Unified School Board Member Likens City to 'Deadbeat Dad'

Unified School Board Member Likens City to 'Deadbeat Dad'

He's had enough. Now a Unified School Board member is sounding off, calling the City of Memphis a "deadbeat dad" over its delay in paying city schools a nearly $60 million court-ordered judgment.
MEMPHIS, TN (abc24.com) - He's had enough. Now a Unified School Board member is sounding off, calling the City of Memphis a "deadbeat dad" over its delay in paying city schools a nearly $60 million court-ordered judgment.

"A deadbeat dad can be put in jail, he can have his wages garnished, the City of Memphis can apparently go scot-free," said Kenneth Whalum, Jr.

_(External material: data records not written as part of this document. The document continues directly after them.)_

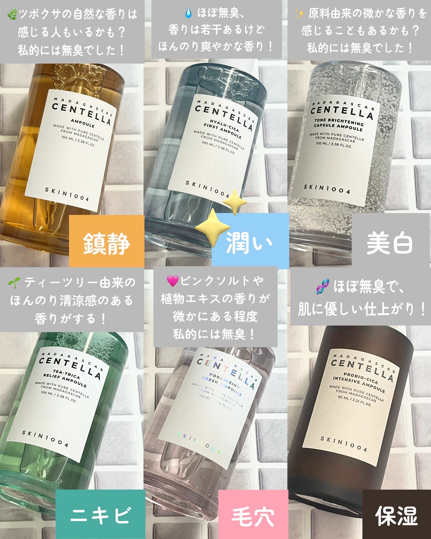あなたはどのタイプ?🫧◻︎SKIN1004・センテラアンプル・ヒアルーシカファーストアンプル・トーンブライトニングカプセルアンプル・ティーツリカリリーフアンプル・ポアマインジングフレッシュアンプル・プロバイオシカインセンティブアンプル自分の肌...
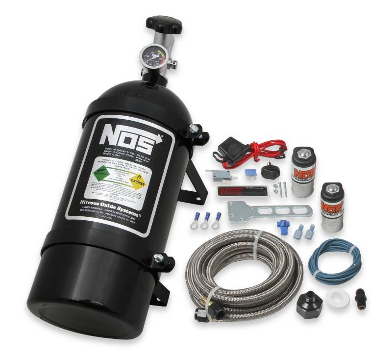 NOS is proud to now offer its popular Powershot and Super Powershot wet nitrous systems in black. The Powershot offers a fixed 125 horsepower increase while the Super Powershot give you adjustable power from 100-150 horsepower. These systems utilize a 1/2 inch thick injector plate and gives you a great power surge at the hit of a button.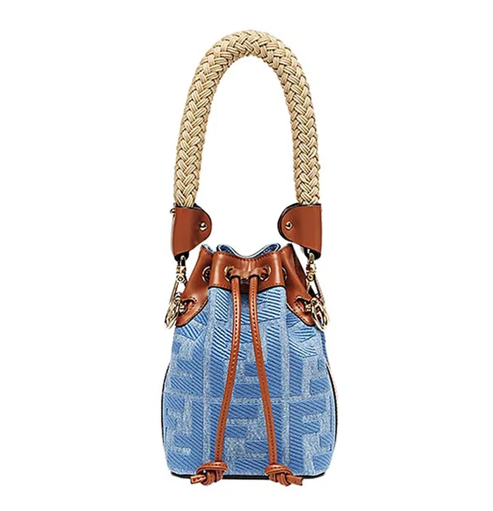 袋身装饰FF图案的牛仔束口水桶袋,提手采用编织造型——“反客为主”的粗手柄,为小巧手袋制造更多反差美感。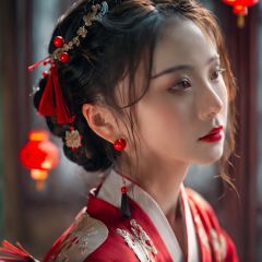 Realistic style, close-up, a beautiful woman wearing a Hanfu, with a slightly melancholic face, a red dot on the forehead, exquisite hair accessories, exquisite patterns, indoor, side lighting, film texture, high-quality, masterpiece, 8K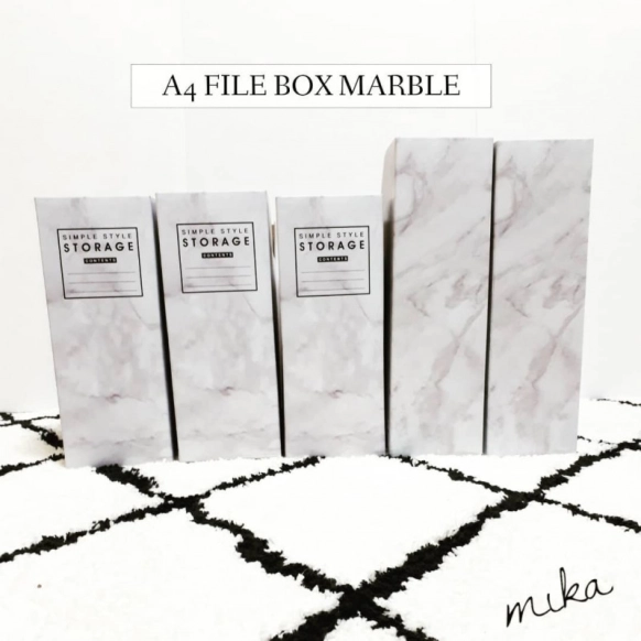 無地のシンプルなファイルボックスはデザインの邪魔をせず使い勝手が良いですが、おしゃれとは少し違いますよね。そこで使ってほしいのが「A4 ファイルBOX マーブル」。紙製ですが、大理石柄が少し高級感漂いますよ♡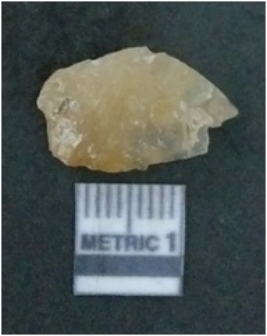| Description / विवरण | It is chalcedony flake, translucent in appearance. The piece shows sharp pointed ends and flake scars on the surface as a result of flaking. The piece shows a bulb of percussion. |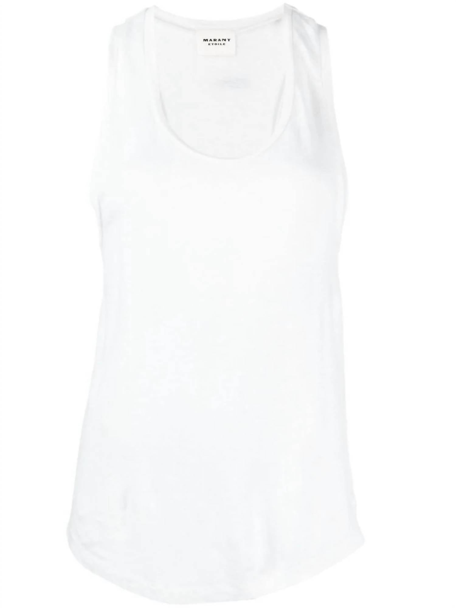 The perfect tank top for those warmer weather seasons. Unveil the effortless charm of the Women's Arielle Top by Isabel Marant, crafted for the modern minimalist. This sleeveless linen t-shirt in pristine white features a flattering scoopneck, making it a summer staple. Enjoy the freedom of a pull-on design created with breathable linen for ultimate comfort. Easy maintenance is assured with machine wash care instructions.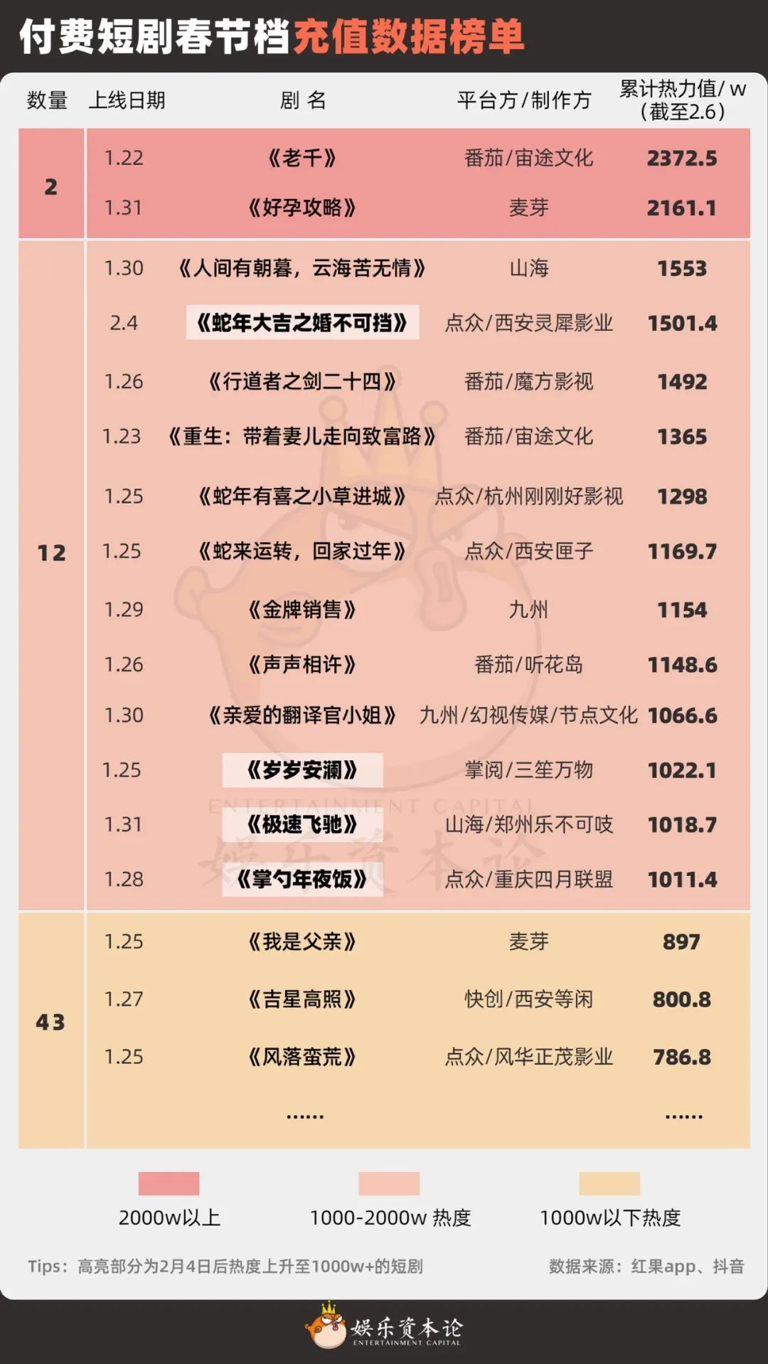 據(jù)娛樂資本論統(tǒng)計(jì),付費(fèi)領(lǐng)域表現(xiàn)最佳的是男頻短劇《老千》,再加上《好孕攻略》,也是今年唯二熱力值2000W以上的春節(jié)檔短劇。免費(fèi)領(lǐng)域以紅果短劇為主,截止至2月4日(大年初七)中午,熱度2000W以上的短劇有8部,還是《老千》以5500W熱度拔得頭籌。

In a letter sent to Mayor A C Wharton on Thursday, MCS Superintendent Dorsey Hopson implores the City to settle the $57.4 million judgment.

"We still face a budget shortfall of $65 to $80 million dollars," Hopson writes. "Given our fiscal outlook, a resolution of MCS' judgment against the City has never been more critical."

The news only got more dire on Thursday. Last month, the Unified School Board voted to ask the Shelby County Commission for an additional $145 million.

"We have been advised that we can only expect to receive around $5 million dollars in additional revenue from the County Commission," Hopson writes to Mayor Wharton.

"We were thinking 30 or 40 or even more, but as it turns out, the re-appraisal is costing us so much, most of the resources we have vote-wise is going to be spent taking care of that," said Commission Chairman Mike Ritz.

"It is pretty minimal, it is very bleak, incredibly bleak," he added. "There is only about 5 million dollars of new money available for the schools."

In his letter to Mayor Wharton, Superintendent Hopson proposes a payment plan over the next three years.

"We are certainly open to discussing these and other issues as part of any settlement negotiations," he writes.

"It would be really good if we could get that resolved, it would really pull us out of a deep hole," said Shelby County Mayor Mark Luttrell. "I think it is in the realm of possibility, I would hope that they would do that, it would fill a big hole if we could get that settled."

The news was almost too much to bear for Vicky Duvall, a mother of Shelby County students.

"It is very scary, very scary," she said. "I am going to be home-schooling next year, because the change is just too much."